_What you will do_
Transcribe exactly the lines below that begin at the line with "a tall, narrow" and stop after the line with "Every PDF compression", leaving out every picture.

_Stored data_

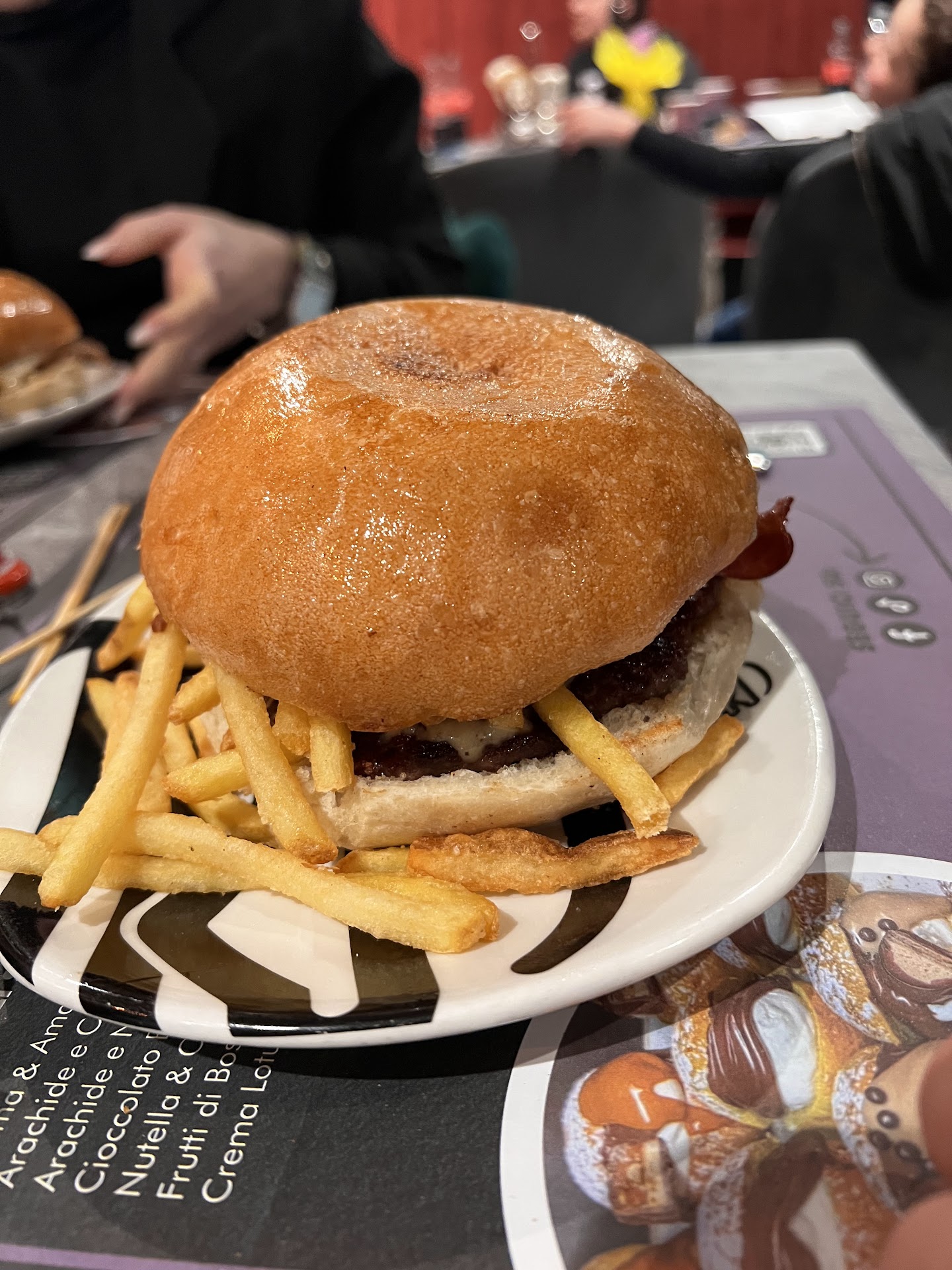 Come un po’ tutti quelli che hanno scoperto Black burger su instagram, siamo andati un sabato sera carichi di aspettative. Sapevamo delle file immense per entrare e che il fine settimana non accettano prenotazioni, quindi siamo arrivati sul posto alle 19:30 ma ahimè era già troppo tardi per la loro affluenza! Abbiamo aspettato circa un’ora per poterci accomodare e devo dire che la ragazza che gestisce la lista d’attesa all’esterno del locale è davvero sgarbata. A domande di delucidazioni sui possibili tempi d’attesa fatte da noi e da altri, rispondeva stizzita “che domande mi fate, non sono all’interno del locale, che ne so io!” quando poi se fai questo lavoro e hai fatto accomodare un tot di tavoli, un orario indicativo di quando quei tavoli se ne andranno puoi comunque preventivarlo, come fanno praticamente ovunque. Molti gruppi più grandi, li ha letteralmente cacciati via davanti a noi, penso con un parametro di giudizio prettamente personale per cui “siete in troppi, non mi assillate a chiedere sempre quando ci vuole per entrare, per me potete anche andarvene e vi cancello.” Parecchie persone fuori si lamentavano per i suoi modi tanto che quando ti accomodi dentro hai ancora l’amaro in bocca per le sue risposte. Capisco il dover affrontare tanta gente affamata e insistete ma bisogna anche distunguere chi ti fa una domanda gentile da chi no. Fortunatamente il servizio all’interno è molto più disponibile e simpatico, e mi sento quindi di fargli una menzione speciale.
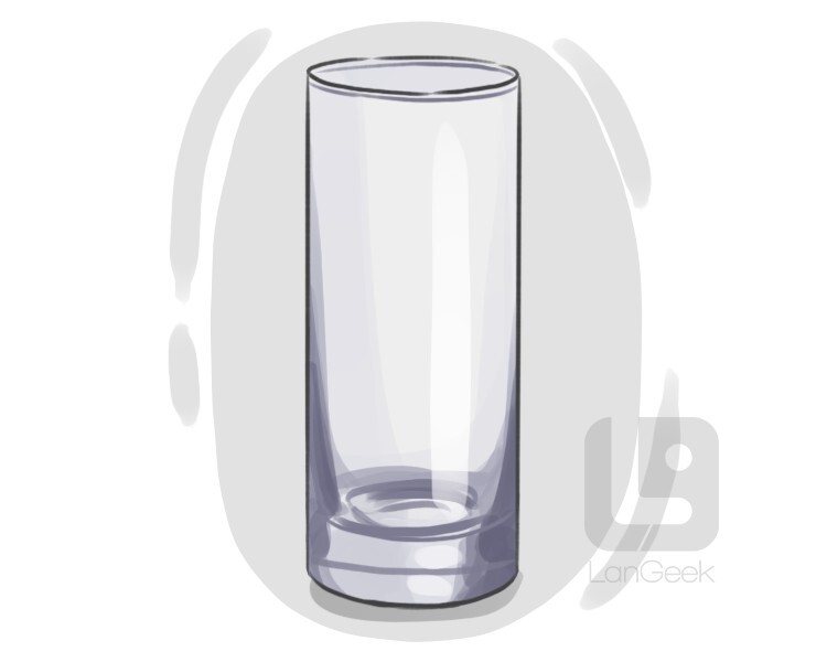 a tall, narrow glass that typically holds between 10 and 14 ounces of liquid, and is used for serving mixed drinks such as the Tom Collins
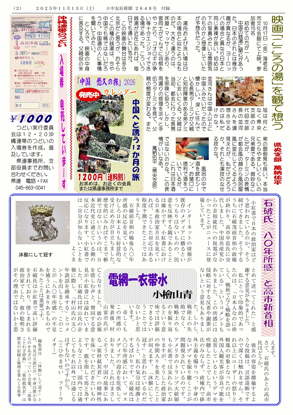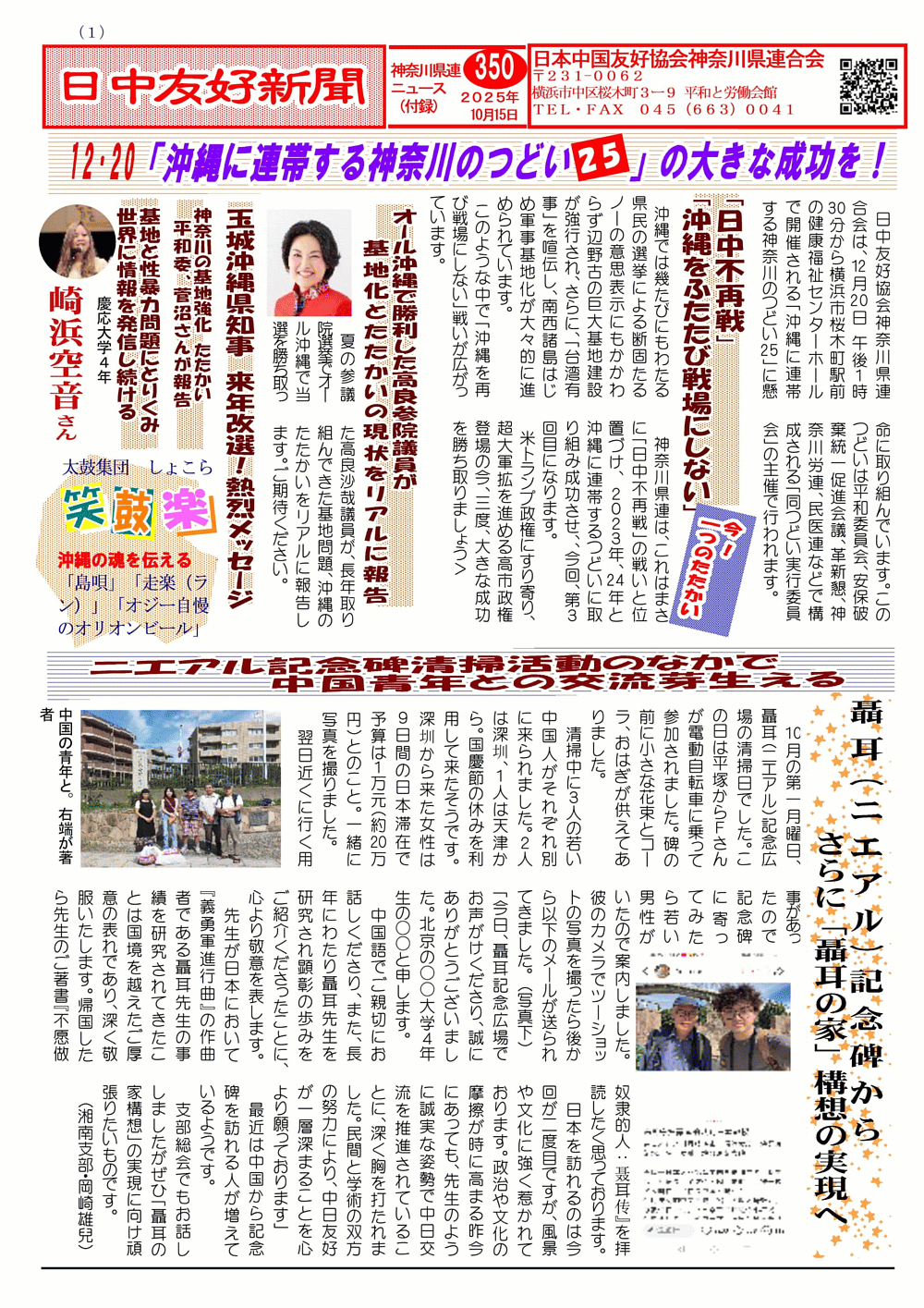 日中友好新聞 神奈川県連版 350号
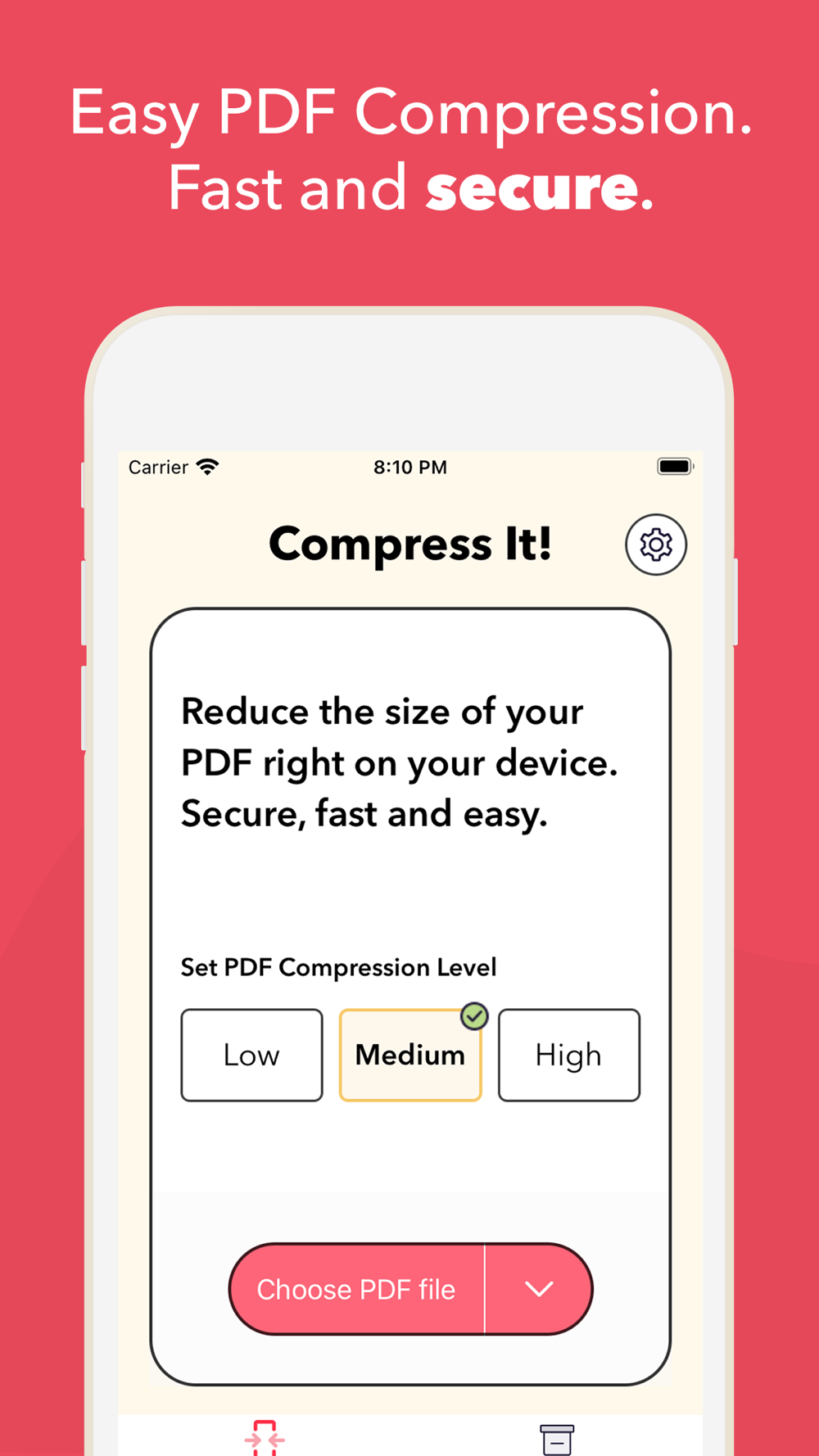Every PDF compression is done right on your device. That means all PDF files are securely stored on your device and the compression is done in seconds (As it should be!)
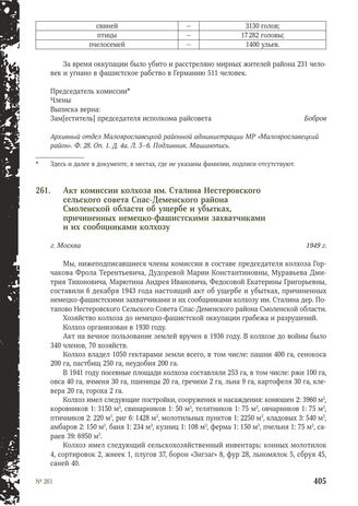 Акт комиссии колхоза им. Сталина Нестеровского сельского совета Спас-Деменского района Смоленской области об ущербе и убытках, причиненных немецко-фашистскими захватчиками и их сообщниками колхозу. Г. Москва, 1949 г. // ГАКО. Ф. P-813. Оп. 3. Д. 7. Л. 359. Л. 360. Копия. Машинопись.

_Task output_
 a tall, narrow glass that typically holds between 10 and 14 ounces of liquid, and is used for serving mixed drinks such as the Tom Collins
 日中友好新聞 神奈川県連版 350号
Every PDF compression is done right on your device. That means all PDF files are securely stored on your device and the compression is done in seconds (As it should be!)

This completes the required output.